ORC File or "Optimized RC File" is a new file format in Hive 0.11. ORC improves query speed and storage efficiency by storing data in column-major order, maintaining statistics about columns, and doing light-weight (run-length, dictionary, and bit-packed) encoding. This talk explains the file format as well as future work for Hive 0.12, including vectorization which will operate on many values for a single column to improve query speed.

Parquet is another file format with similar design goals to ORC. Cloudera and Twitter are both throwing weight behind it, with support in Impala and Pig (Hive support isn't merged to master, yet). These slides contain an overview of the format, and also touch on the differences between ORC and Parquet.

Hortonworks and Pearson Education have posted a two chapter preview of the upcoming book on Apache Hadoop YARN. The first chapter is a YARN quick start while the second chapter covers the components of YARN and how it fits into the Hadoop ecosystem.


Hortonworks announced a $50 million round of funding. The round included all existing investors and two new ones. This brings Hortonworks total funding to at least $70 million.

The Hortonworks blog's "Week in Review" includes highlights from Hortonworks-related announcements this week as well as links to recaps of each day of Hadoop Summit. Videos of the keynotes for Day 1 and Day 2 are also available. It links out to a bunch of great content, so don't forget to click around!

WANdisco announced that their distribution will support Spark, the in-memory processing framework, and Shark, the Hive compatibility layer for Spark. As far as I know, they're the first Hadoop distro to include Spark/Shark, which is a big vote of confidence in a crowded field of SQL-on-Hadoop solutions.

CMSWire has a recap of Hadoop Summit, including some notable open-source contributions from InMobi and Netflix, details on the discussions surrounding YARN, and some of the partnership news.

An overview of how the enterprise database industry is being shaken up by both NoSQL and Hadoop.
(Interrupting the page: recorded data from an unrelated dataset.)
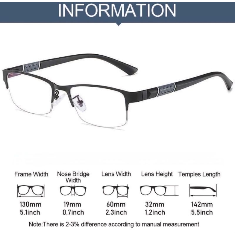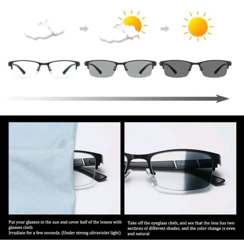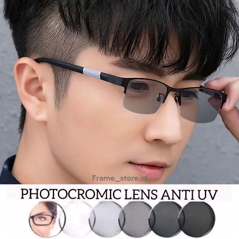 Kacamata Photocromic Lensa Anti Radiasi Standar Optik Frame Gantung / Kaca mata Minus Plus Progresif Bluecromic Unisex (
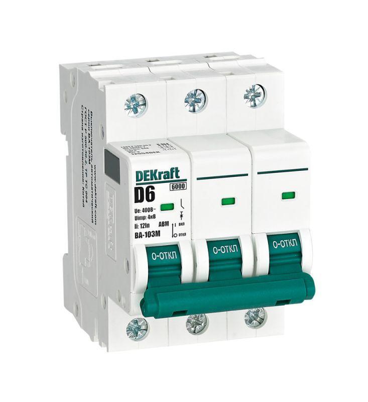 Автоматический выключатель без теплозащиты серии ВА-103M Dekraft; 3P; ном. ток 6 А; ном. раб. напряжение 400 В; кривая отключения D. Автоматические выключатели серии ВА-103М имеют специальное назначение для систем противопожарной защиты и вентиляции и выдерживают ток КЗ до 6000 А. Также они могут использоваться для нечастых оперативных включений и отключений указанных цепей. Автоматические выключатели соответствуют директиве RoHS, имеют расширенный диапазон рабочих температур от -25 до +60 °C, удобны и безопасны в эксплуатации.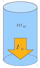 The mass of liquid column ($M$) can be calculated from the liquid density ($\rho_w$) and the column volume ($V$).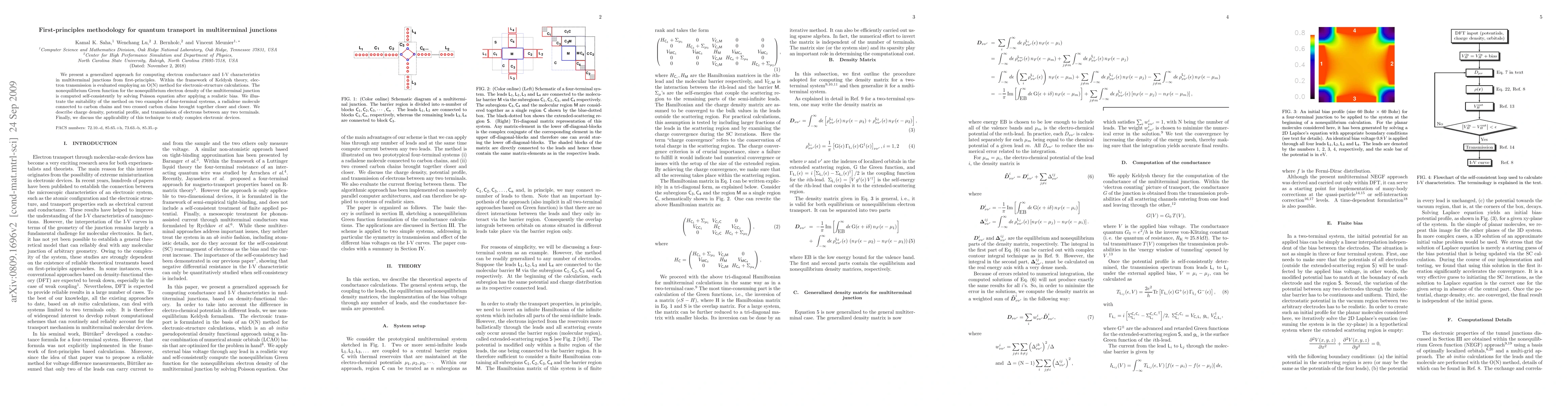 We present a generalized approach for computing electron conductance and I-V characteristics in multiterminal junctions from first-principles. Within the framework of Keldysh theory, electron transmission is evaluated employing an O(N) method for electronic-structure calculations. The nonequilibrium Green function for the nonequilibrium electron density of the multiterminal junction is computed self-consistently by solving Poisson equation after applying a realistic bias. We illustrate the suitability of the method on two examples of four-terminal systems, a radialene molecule connected to carbon chains and two crossed carbon chains brought together closer and closer. We describe charge density, potential profile, and transmission of electrons between any two terminals. Finally, we discuss the applicability of this technique to study complex electronic devices.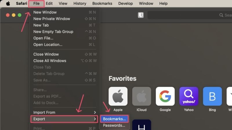 - Mac에서 Safari를 엽니다 . 메뉴 표시줄에서 파일 아이콘을 클릭 하고 내보내기 위에 커서를 놓습니다 . 드롭다운 메뉴에서 북마크…를 선택하세요 .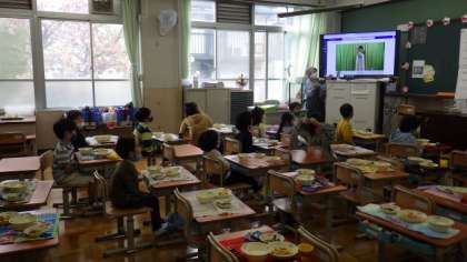 教室で配膳を待つ時間に,1年生の教室では,「エプロンのたたみ方」の動画を見てたたみ方を確認しています。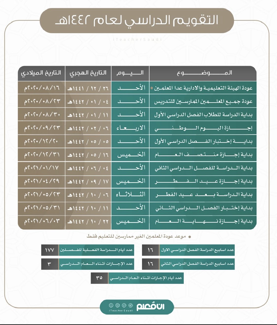 إلى هنا نصل بكم لنهاية مقال التقويم الدراسي 1442 بالاسابيع الفصل الثاني، والذي استعرضنا من خلاله كافة التفاصيل حول موعد بداية الفصل الدراسي الثاني. التقويم الهجري 1442 طباعة، التقويم الهجري ١٤٤٢، التاريخ الهجري 1442، التقويم الهجري الدراسي، روزنامة التقويم الهجري مع الاجازات لعام 1442. يتضمن التقويم الدراسي 1442 بالأسابيع كافة تفاصيل البرنامج الدراسي منذ بدء دوام الطلبة للعام الدراسي 2020 من تاريخ 30 أغسطس حتى نهاية العام الدراسي بـ 3 من شهر يونيو 2021م. الخطة الزمنية الدراسية لجميع الدراسيةالسعودية، المدارس الحكومية، الخاصة، الأهلية، المرحلة الابتدائية والمتوسطة والثانوية. Последние твиты от التقويم الدراسي 1442 (@taqwimksa).
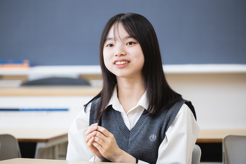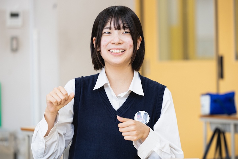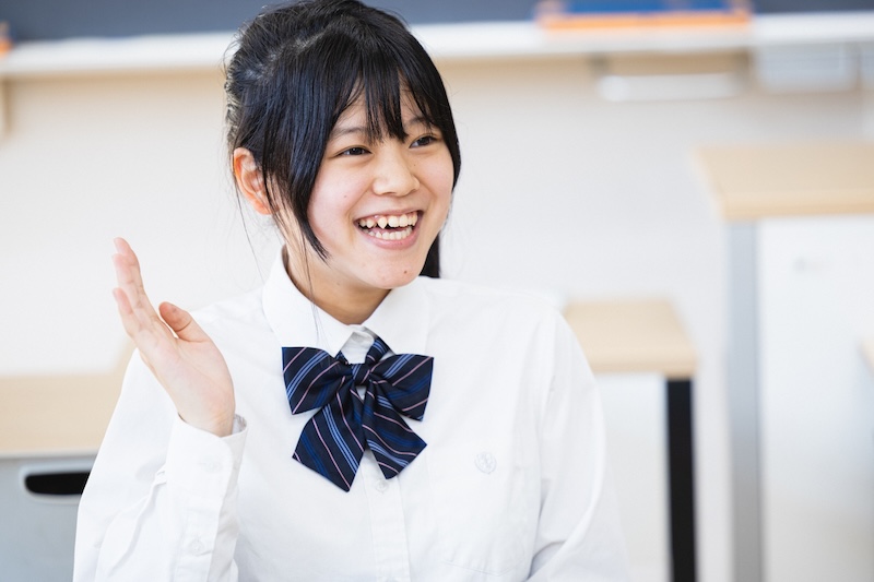 Iさん 私は受験生のときに学校説明会に来て、在校生がたくさん話してほんわかした雰囲気の学校でいいなと思ったので、この学校を受験しました。入学してから私もそのような活動をしてみたいと思って有志メンバーとして参加していたので、引き続き活動しています。私はこの学校が大好きです!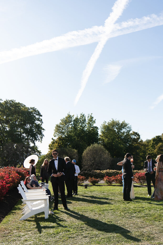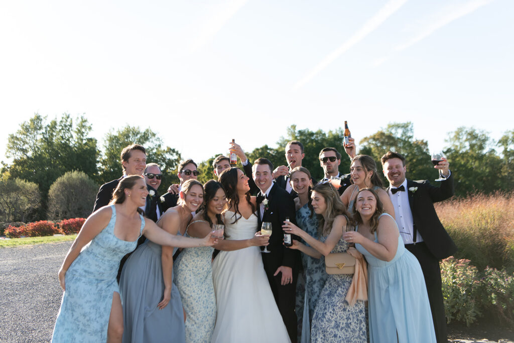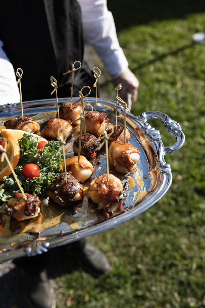 After the ceremony, guests naturally flowed into cocktail hour, moving between the lawn and the Belvedere Pavilion. Michael’s Hospitality served a selection of hors d’oeuvres as guests spread out, grabbed a drink, and settled into the afternoon. Some stayed close to the pavilion, while others wandered the property and took it all in.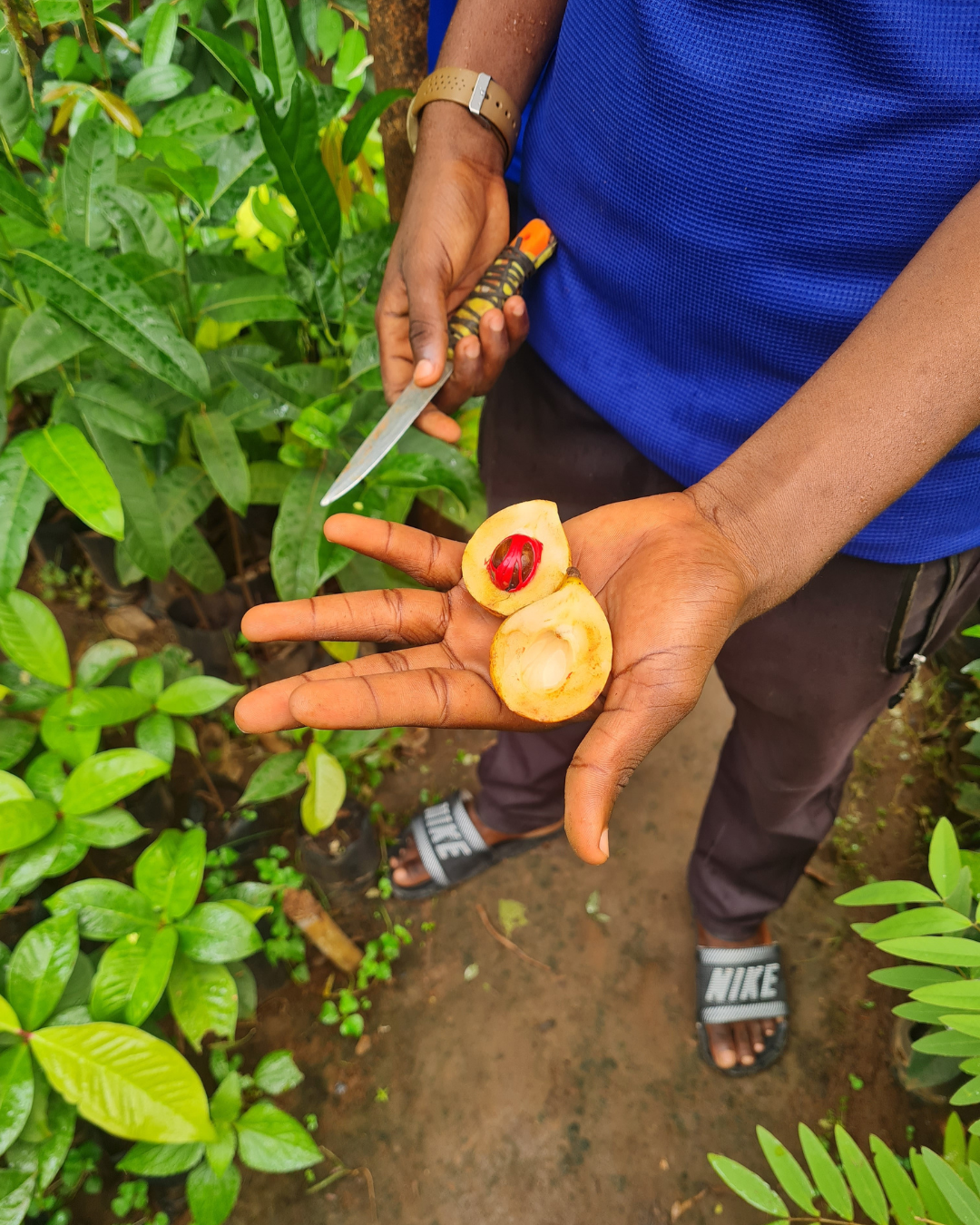 En annan utflykt som vi gjorde och rekommenderar (det är nästan ett måste!) är en Spice Tour. Vi gick ut i djungeln och fick uppleva kryddorna i sin naturliga miljö. Kryddhandeln har varit mycket betydelsefull för Zanzibar i flera hundra år, och särskilt nejlikan har spelat en stor roll och gjort att ön har blomstrat. Vi fick smaka och dofta på muskot, nejlika, ingefära, kaffe, kryddpeppar och mycket mer. Vi fick även lära oss att fröna från frukten annatto används som naturligt färgämne i mat, hudvård och smink. En man som kallades Mr Butterfly klättrade bokstavligen upp i en palm för att hämta en kokosnöt åt oss och vi blev utsmyckade innan vi lämnade och åkte vidare.

There are some details in here that I hadn't heard before -- from IBM pushing MongoDB to rumors of Microsoft and Intel trying to buy Hortonworks.

Silicon Angle covers an interview with Arun C. Murthy about YARN from Hadoop Summit. The post embeds a video interview with Arun, in which he admits that Hadoop succeeded in coming up with "the lamest name ever" (referring to YARN). All jokes aside, YARN is the future of Hadoop, and it's well worth watching the interview.

MapR is claiming 25x speedup in HBase for read-intensive loads with FusionIO. MapR's distribution uses their proprietary file system, which has a different architecture than HDFS. This might give it an advantage with systems like FusionIO -- a little over a year ago, a post on concluded that the HDFS read path had bottlenecks that would prevent HBase from seeing a speedup with SSDs. A lot has happened with HDFS in the past 13 months, though, so this might not be the case (I haven't heard of anyone running HDFS on SSDs, though).

Cloudera celebrated a big day this past week -- five years since they incorporated the company. Hortonworks spun out of Yahoo just two years ago, so this is a reminder of just how much catch up the rest of the Hadoop vendors are playing.


The 1.1.0 BentoBox "Buri" release contains updates to all components in the Kiji stack. Of note, KijiMR hit its 1.0 release, signifying api compatibility with future releases in the 1.x line.

Netflix released Lipstick, its system for visualization and monitoring Pig workflows. The code is up on github, and the blog posts highlights two neat UI features -- view sample data at each step of the workflows and toggle between the optimized and un-optimized versions of the Pig query plan.

Datameer, who's product provides a UI to analyze data stored in Hadoop, announced version 3.0. This version has some compelling new features such as decision trees, clustering, and collaborative filtering. I saw a demo of the new version at Hadoop Summit, and I was impressed with the user experience of these new features.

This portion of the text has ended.